One problem might be the catfish eating bluegills: so when you stock the place, buy/catch the biggest bluegills you can, none of the big cats will eat the super big gills, but the smaller ones will go quickly. Go to my pictures, and you will see what sized bluegills are the best.

Since it is that small of a body, don't put too many cats in there. That size is better off for gills and bass.

Your pond can be really good if the fish are fed frequently and have proper water conditions. Go pick up some info about stocking programs or how to maintain ponds.


----------



## Mamps

I have about 1/3 acre pond (way smaller than what I would like but it was very expensive and I ran short of $$$). It is about 10' deep at the deepest spot. I have alot of downspout draintile ran to it. It is in great shape. I have a lot of rock, a lot of growth, lots of underwater structure. I do not have a LOT of fish in it but the fish that I do have are HUGE. I have over 20# channels. SEVERAL fish Ohio bluegill about 3 or 4 4# bass and several smaller bass, nice crappie. This only thing I do is make sure that I have plenty of feeders in there. If not, I but from my local hatchery. I have pallets stacked up in it to allow places for the minnows to hide and breed if needed.

Good luck.


----------



## cummins_man

ODNR will help you for free. They are worth contacting for the free advice and planning. I am sure you've read it all on hear, but if that's the area you have I think it can work. My buddy built one that size 10 years ago and it has great trout and bass, who would of guessed it would be like it is.

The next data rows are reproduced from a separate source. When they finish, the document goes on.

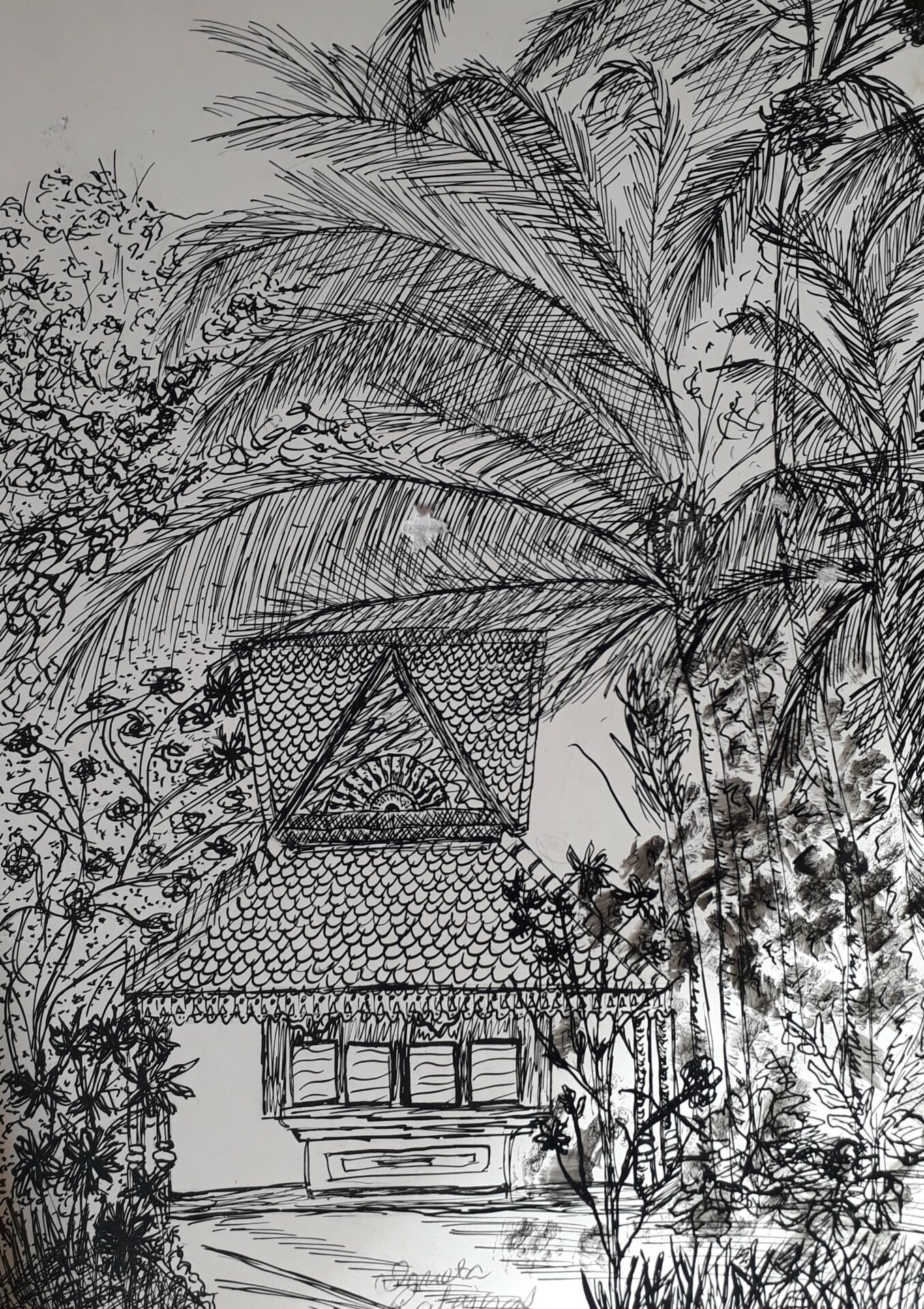 Obraz Doroty Ratajczak. Wykonany techniką tuszu na papierze. Posiada metalową ramkę w kolorze czarnym.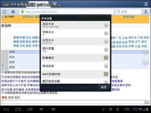 假如采用3G上网,那节省流量很有必要。这时可以关闭图片,或选择低彩模式,节省图片流量。同时启用WAP压缩中转,将网页经过浏览器的服务器压缩再发送给平板,节省整体流量。点击右上角的菜单键,在“菜单-设置工具-系统设置-浏览方式设置”里,将图片质量设置为无图,将“WAP压缩中转”后面的方框选中即可。
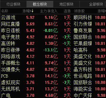 相对比较“矜持”的权重股,题材股更加乐于表现。深证成指和中小板指强势拉升,其中,行业板块方面,文化传媒、电信运营、软件服务涨幅居于前三名,无一下跌;题材板块方面,云游戏、网红直播、电子竞技涨幅居于前三名,仅白酒、流感2个板块微跌。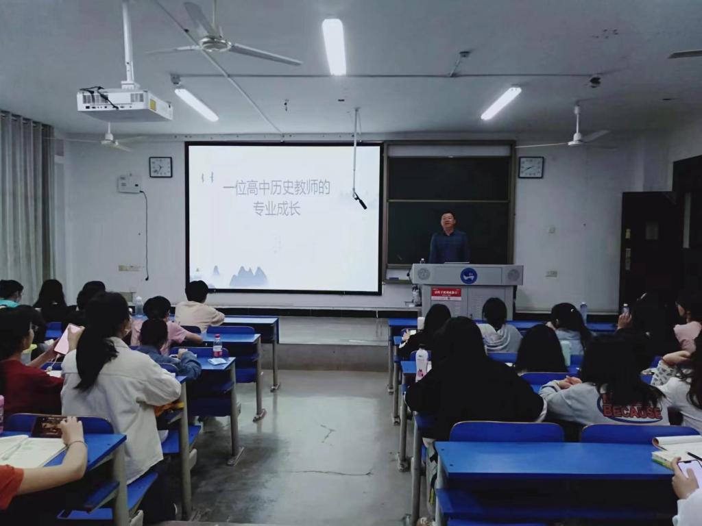 为提高太阳成官网历史学专业和人文教育专业学生的教育教学素质,帮助其更好地圆梦三尺讲台。6月12日至6月18日,太阳成官网于致远楼512教室《如何管理好初中班级》等为主题一系列讲座,讲座由娄底市第一中学胡军贤老师、王昀老师等五位老师主讲,历史学专业王向文博士主持,曹俊军副院长、申振华老师出席本次讲座,太阳成官网人文教育专业19级、20级和历史学专业21级全体学生参加此次讲座。

Good luck, take it slow, and remember the birds bring some non-stocked fish too.

Rob

PS - 1 - 8 acre & 1 - 3 acre pond.


----------



## [email protected]

A 1/10th or 1/8th acre pond is pretty small. If it's 50' wide you will be able to get 8' of deep using 3:1 sloped banks so it is possible. Talk to your county soil and water dept. to see if you have the appropriate water shed and soil type for your pond. Most of the pond "handbooks" you find are for 1/2 acre and larger ponds. Smaller ponds require different management. I would seriously consider using gamefish that do not reproduce or those that have very low reproduction and feeding pellets. Fish that I would consider for this type of plan are hybrid bluegill, hybrid striped bass, and maybe few channel cats. Hybrid stripers and channels can get huge in a small pond when fed and will outperform largemouth in most cases. I would stock fathead minnows several months before adding other fish and add structure they can spawn on. An aeration system should be budgeted into the plan within the first year or two to increase your carrying capacity as the fish grow.

Feeding is the only option IMHO, keep in mind that an unfed well balanced pond will only support 10lbs of bass per acre.


----------